_Directions for this task_
Starting from the line containing "吳克群在台上高歌,何超蓮坐著", give again every line through the end of the entries, word for word. Pictures stay out of the copy.

_Data for the task_

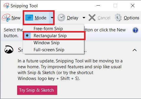 - 打开工具,您需要从模式中选择“矩形剪切”。
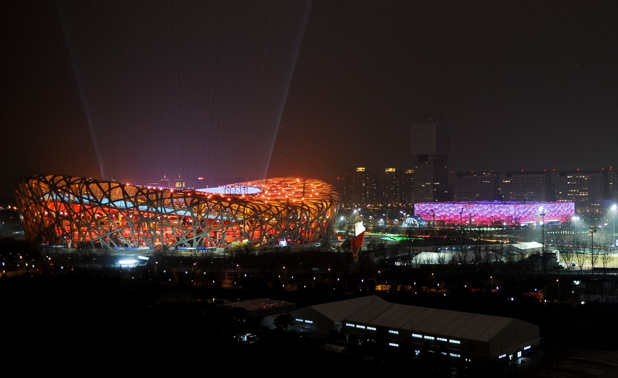 A light show is seen during the closing ceremony of the Beijing 2022 Paralympic Winter Games at the National Stadium in Beijing on March 13, 2022. (Xinhua/Li Renzi)
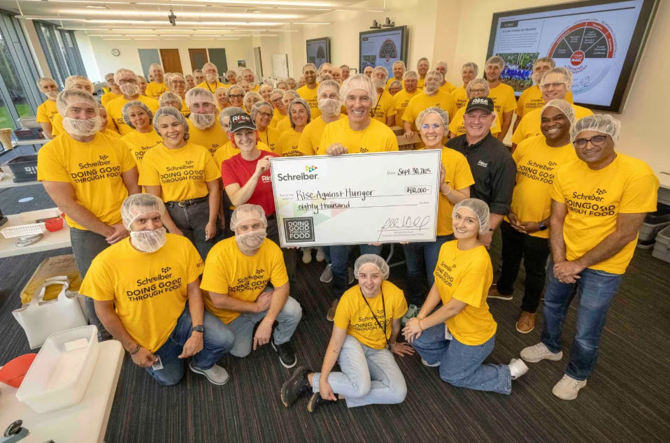 Schreiber will work alongside Feeding America and Rise Against Hunger to allocate the funds, with an emphasis on food banks and hunger-relief programs in the areas where Schreiber has offices and plants.
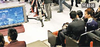 吳克群在台上高歌,何超蓮坐著欣賞,還可看到電視(左)的放大畫面,相信她一定好開心。(圖:香港明報)
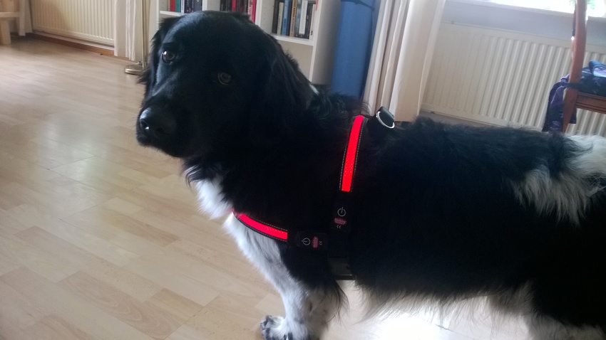 Puck heeft al reflectie op haar tuigje.
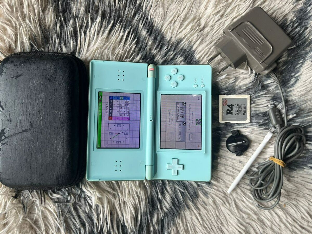 Découvrez le Nintendo DS Lite - console de jeux portative emblématique. Comprend un chargeur, stylet, carte R4 et étui de protection.
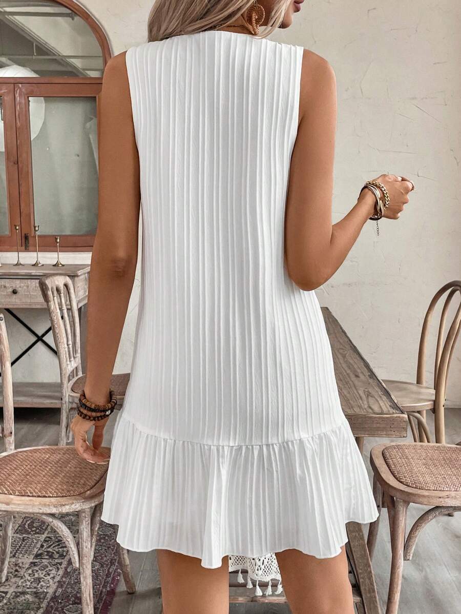 • Women's V-neck Buckle Splicing Solid Color Casual Dress
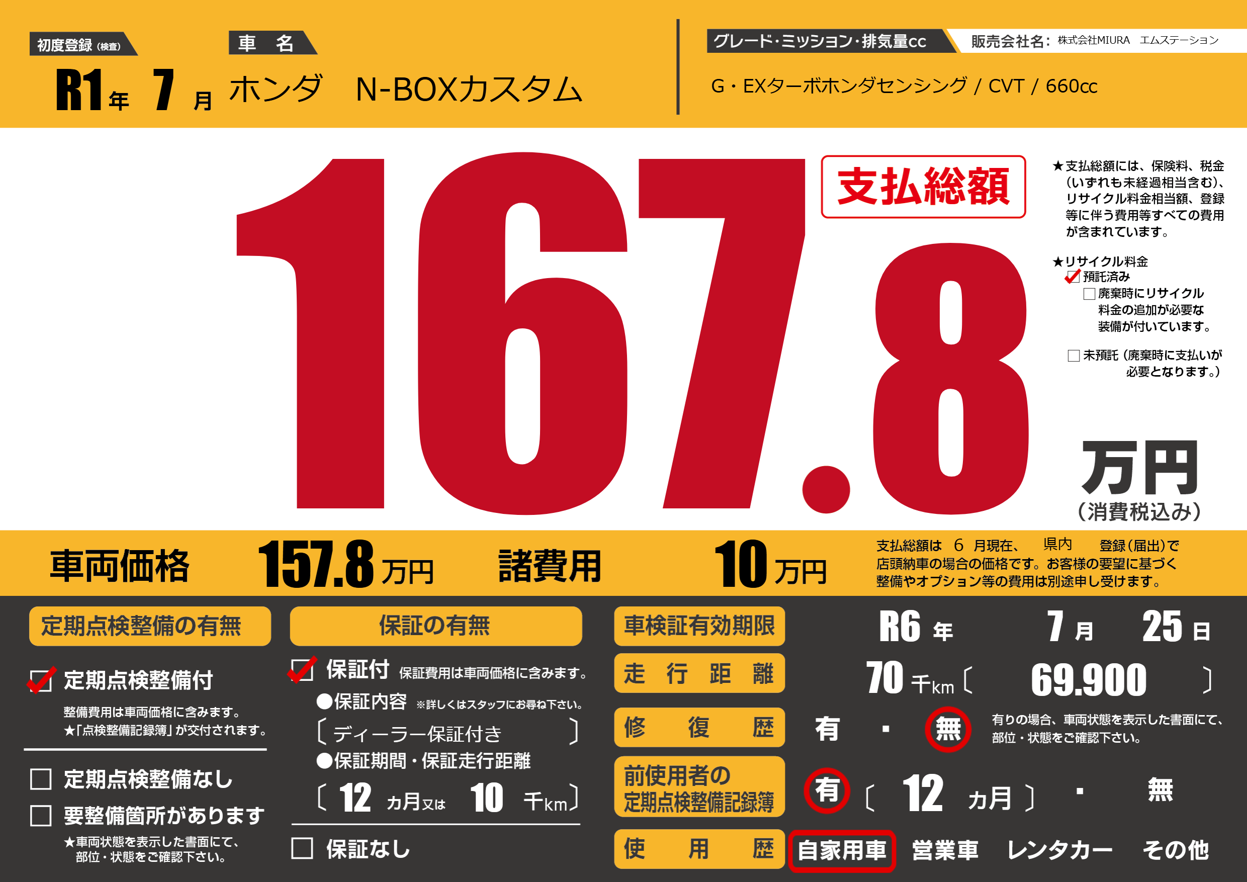 | 車検制限 | R6年 7月 25日 | ||
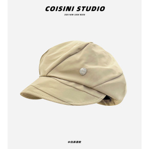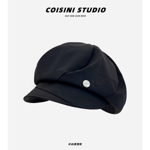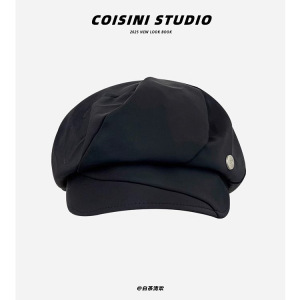 日本製ソフトトッププリーツブラックベレー帽レディース春夏カジュアル万能クラウド八角形帽子頭囲が大きいと顔が小さくなります
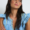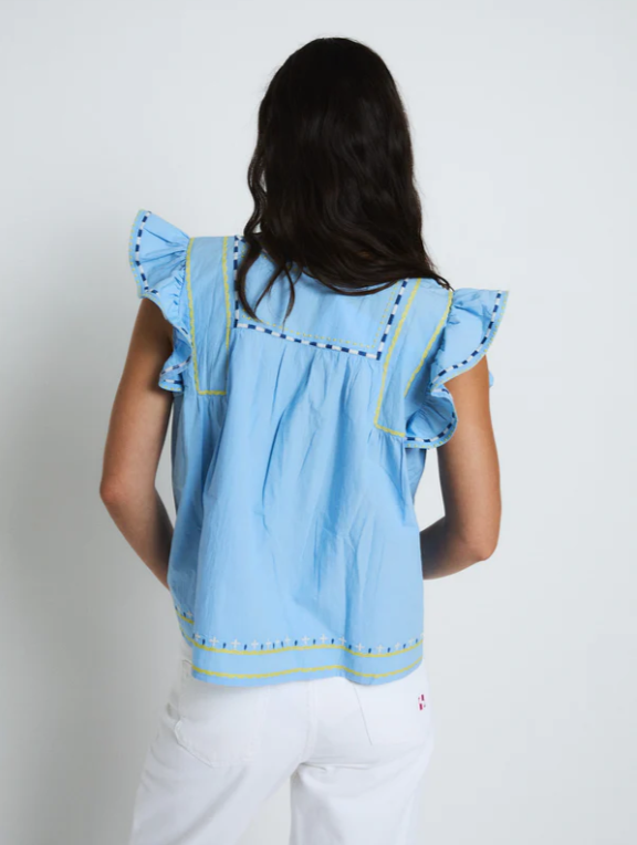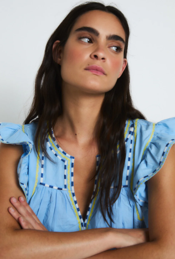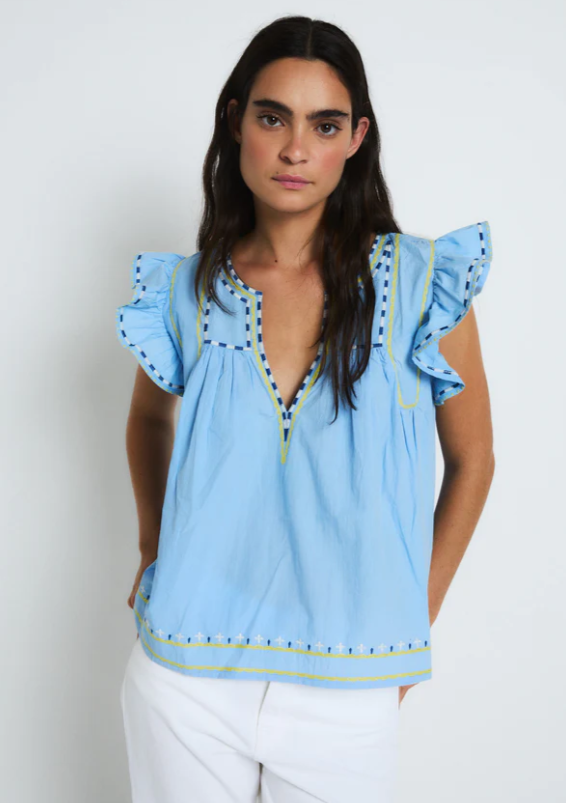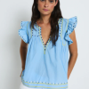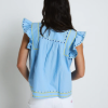 Blusa ligera en tono azul con escote en pico y delicados detalles bordados en contraste. Presenta mangas cortas con volantes que aportan volumen, además de acabados decorativos en el cuello y el bajo.
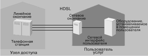 2.2.4 Применение Основной областью применения HDSL является соединения линий местных телефонных сетей или выделенные линии связи, где нужна очень высокая скорость, например, в офисных зданиях, где больше количество абонентов одновременно вынуждены связываться друг с другом. Существует еще усовершенствованный вариант данной технологии, который называется HDSL2. При всех преимуществах HDSL, второй версии хватит одной телефонной линии – двух медных проводов. Но пока широкого распространения HDSL2 не получил(Рисунок 3). [8]

_Answer for the task_
 吳克群在台上高歌,何超蓮坐著欣賞,還可看到電視(左)的放大畫面,相信她一定好開心。(圖:香港明報)
 Puck heeft al reflectie op haar tuigje.
 Découvrez le Nintendo DS Lite - console de jeux portative emblématique. Comprend un chargeur, stylet, carte R4 et étui de protection.
 • Women's V-neck Buckle Splicing Solid Color Casual Dress
 | 車検制限 | R6年 7月 25日 | ||
 日本製ソフトトッププリーツブラックベレー帽レディース春夏カジュアル万能クラウド八角形帽子頭囲が大きいと顔が小さくなります
 Blusa ligera en tono azul con escote en pico y delicados detalles bordados en contraste. Presenta mangas cortas con volantes que aportan volumen, además de acabados decorativos en el cuello y el bajo.
 2.2.4 Применение Основной областью применения HDSL является соединения линий местных телефонных сетей или выделенные линии связи, где нужна очень высокая скорость, например, в офисных зданиях, где больше количество абонентов одновременно вынуждены связываться друг с другом. Существует еще усовершенствованный вариант данной технологии, который называется HDSL2. При всех преимуществах HDSL, второй версии хватит одной телефонной линии – двух медных проводов. Но пока широкого распространения HDSL2 не получил(Рисунок 3). [8]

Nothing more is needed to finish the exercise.